Bread and butter issues clearly remained important to people, sociologist Michael Briguglio told the Times of Malta with regard to the election result.

Dr Briguglio, who threw his weight behind the Nationalist Party’s anti-corruption campaign, said that, although a Labour Party victory was likely, he personally did not expect the majority to be so large.

Noting it was difficult to make a comprehensive analysis of the result at this early stage, Dr Briguglio said Labour’s package had clearly been more convincing. The PL had delivered in areas like civil liberties and social policy, he said.

“Whether they were right or wrong, Labour was making key decisions on various issues where the PN was slower and perhaps more cautious”, Dr Briguglio said.

He said the message put forward by the PN could have been perceived as being too negative, adding that Labour had clearly used its power of incumbency to micro-target voters.

Another factor was the different leadership styles of Joseph Muscat and Simon Busuttil. Southern European countries preferred strong leaders who did not necessarily abide by good governance norms, Dr Briguglio said.

Such leaders were preferred over soft-spoken ones who were more attuned to the European continental style of politics, he pointed out.

Asked whether the independent media had got it wrong by continuing to highlight government corruption, Dr Briguglio said the media had a duty to be vocal about good governance.

“The media has its role but it does not mean people simply follow what the media says. The media does not dictate people ideas.

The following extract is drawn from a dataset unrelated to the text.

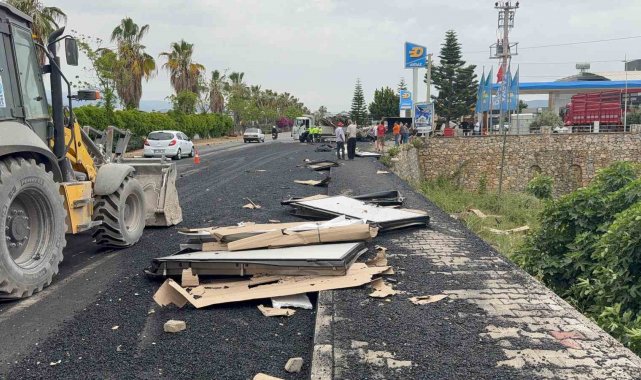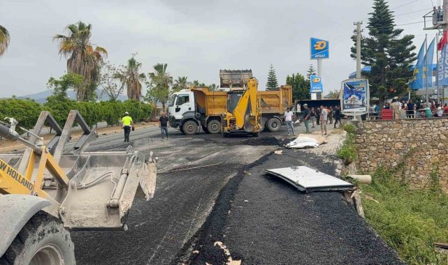 Antalya'da freni patlayan zift yüklü kamyon ortalığı savaş alanına çevirdi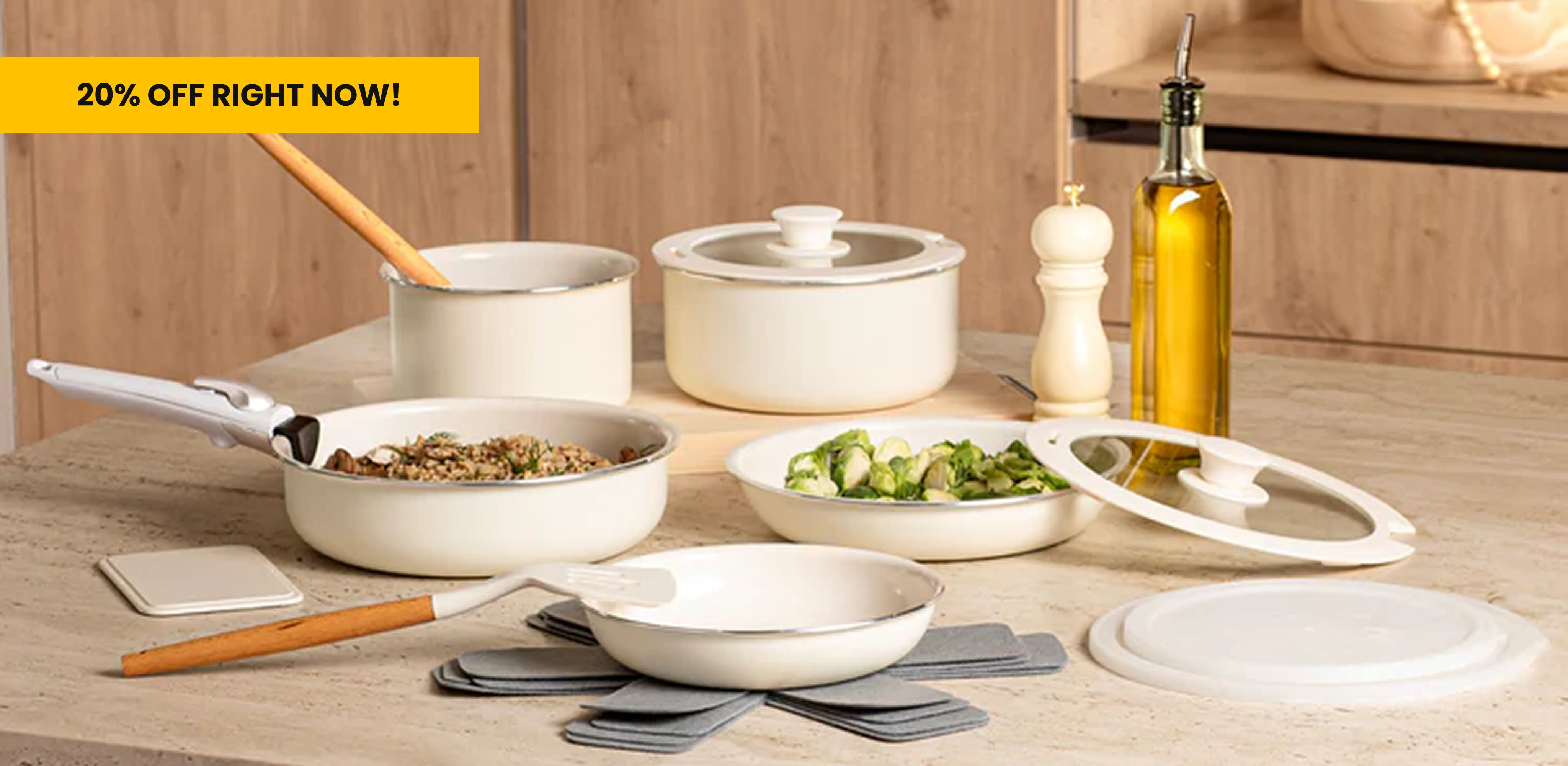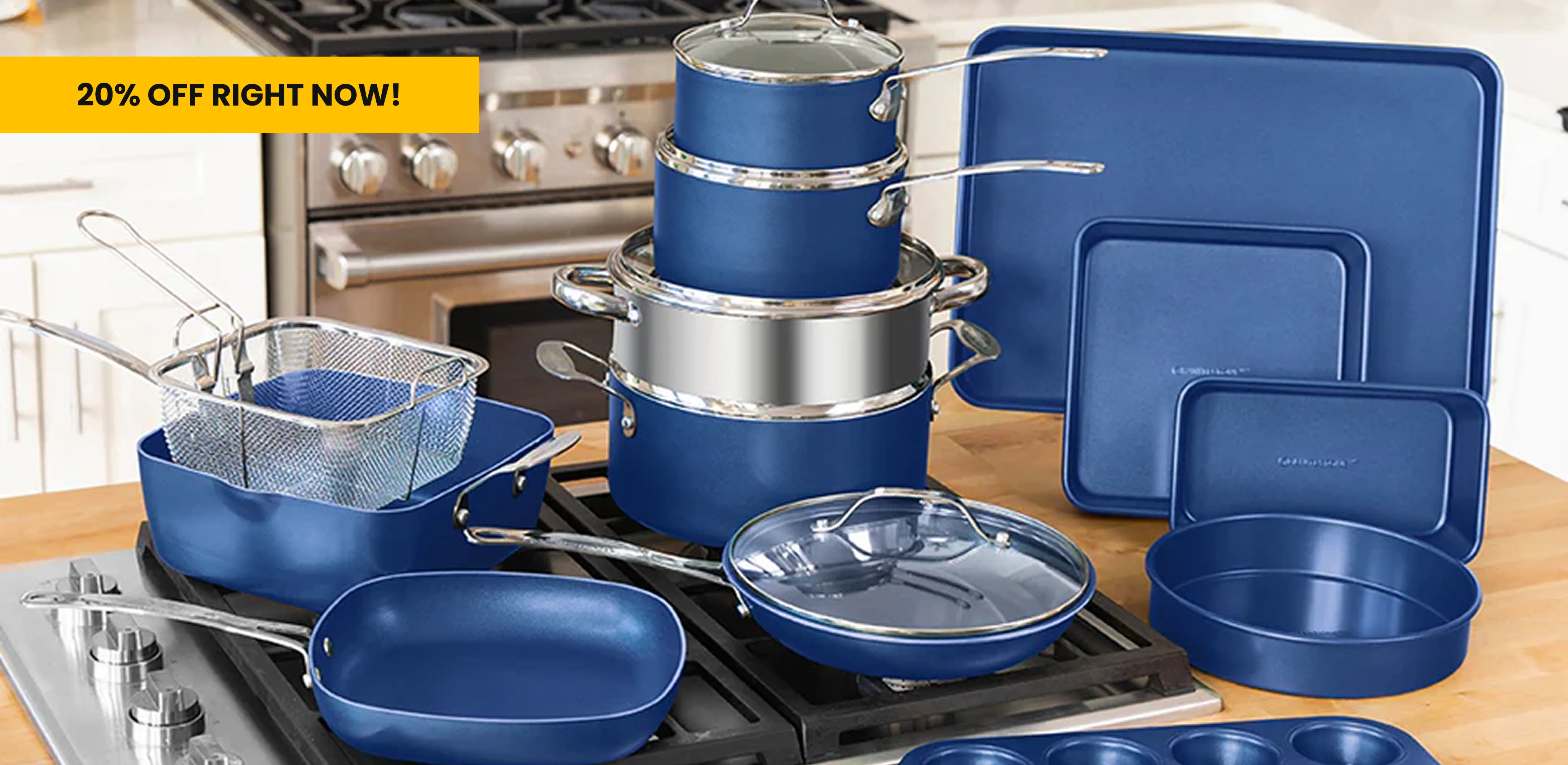 This complete 20-piece collection includes pots, pans, bakeware, and cooking utensils with triple-layer non-toxic coating that makes cooking and cleanup effortless. No more scrubbing stuck-on food for 20 minutes after dinner or worrying about harmful chemicals leaching into family meals.

People interpret what the media says in different ways”, Dr Briguglio said.

Former Nationalist MEP candidate Jonathan Shaw said the social media echo chamber played a part in giving the PN a false sense of security.

Mr Shaw, who was active in the PN’s election campaign, said people on social media wrongly felt they were connected to the country’s pulse, when, in fact, they ended up disconnected from reality.

He said many people ended with a false sense of security because they were only seeing what they wanted to see on social media.

PD leader Marlene Farrugia with partner Godfrey Farrugia at the counting hall.PD leader Marlene Farrugia with partner Godfrey Farrugia at the counting hall.

In his view, the PN now had to take stock to understand the way forward.

In a video address, Democratic Party (PD) leader Marlene Farrugia said her party’s journey had just started.

Whether PD candidates were elected or not, she said she would continue to fight for good governance, accusing the Labour government of using its power of incumbency to buy off people.

“If this government bought everyone using tax money, we cannot blame the people for having been blinded and having believed Muscat”, Dr Farrugia said.